Why then do we so often put our trust and faith in our power instead of God’s?
Look at the extent of that power beginning there in verse 19:
Ephesians 1:19–23 CEB
19 and what is the overwhelming greatness of God’s power that is working among us believers. This power is conferred by the energy of God’s powerful strength. 20 God’s power was at work in Christ when God raised him from the dead and sat him at God’s right side in the heavens, 21 far above every ruler and authority and power and angelic power, any power that might be named not only now but in the future. 22 God put everything under Christ’s feet and made him head of everything in the church, 23 which is his body. His body, the church, is the fullness of Christ, who fills everything in every way.

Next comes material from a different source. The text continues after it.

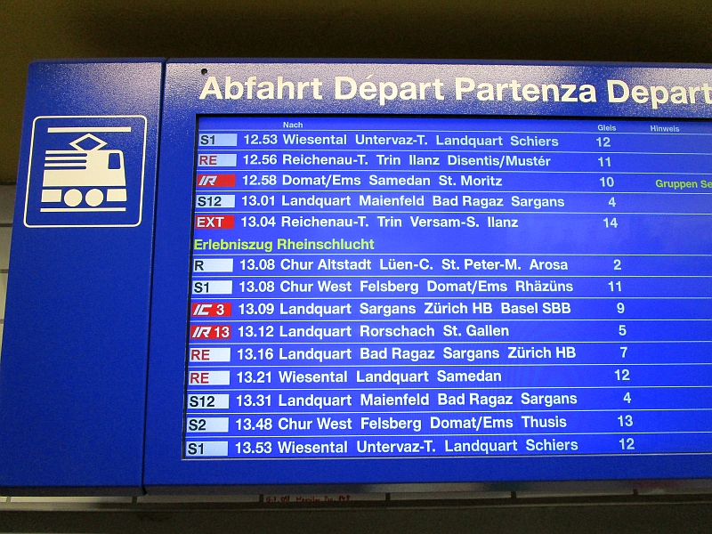 Abfahrtstafel Bahnhof Chur mit dem 'Erlebniszug Rheinschlucht'
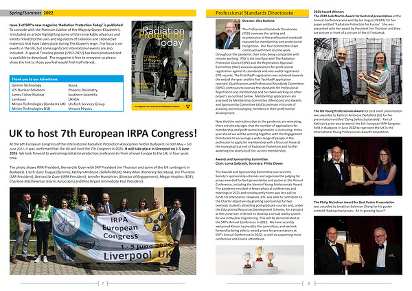 The Awards and Sponsorship Committee oversees the Society ' s sponsorship schemes and organises the judging for prizes awarded for best presentation and poster at the Annual Conference , including the biennial Young Professionals Award . The pandemic resulted in fewer physical conferences and meetings in 2021 and consequently there was less call on funds for attendance . However , ASC was able to contribute to the Charter objectives by granting sponsorship for two overseas students attending post-graduate courses and , under the Educational Resources Development Scheme , for a project at the University of Bristol to develop a virtual reality system for use in Nuclear Engineering . This will be demonstrated at the SRP ' s Annual Conference in 2022 . We have recently welcomed Kinson Leonard to the committee , and we look forward to being able to award prizes for presentations at SRP ' s Annual Conference in 2022 , as well as supporting more conference and course attendance .

Stop and grasp that fact that the same power or strength that God exerted when he raised Jesus from the dead is the same power that works in you and me as Christians! That is the Resurrection power of God. That is why we gather on Sunday to worship God and the fact that Jesus was raised from the dead by the mighty power of God.
Who’s power would you rather trust? Yours or God’s?
The second thing about that power is that Jesus has ascended and sits at the right hand of the Father.
The third thing about that power is that Jesus has dominion over everything. Paul’s writing here is very similar to what he wrote to the Philippians:
Philippians 2:9–11 CEB
9 Therefore, God highly honored him and gave him a name above all names, 10 so that at the name of Jesus everyone in heaven, on earth, and under the earth might bow 11 and every tongue confess that Jesus Christ is Lord, to the glory of God the Father.
That is power, that is the power available to each of us today. One commentator wrote:
That same power of God, which did all of that for Christ, is available to us who believe. - 1
The call here is to bring the working power of God out of the past into the present. To be sure, we are to celebrate “the mighty acts of God in history,” but that should make us even more aware of Christ as present power. This is the paramount miracle—that His immeasurable power is available now to heal the sick, to drive out demons, to redeem our sins, to energize our wills, to renew our spirits, to reconcile our relationships, to bring peace.[1]
Let’s not just celebrate this great power of God at work in our lives. Let’s live this resurrection power. As we celebrate the Reign of Christ, let us celebrate the fact that God is the God of the past but that He is the God of the present and His power is available to work in your life today.
1 - Dunnam, M. D., & Ogilvie, L. J. (1982). Galatians / Ephesians / Philippians / Colossians / Philemon (Vol. 31, pp. 158–159). Nashville, TN: Thomas Nelson Inc.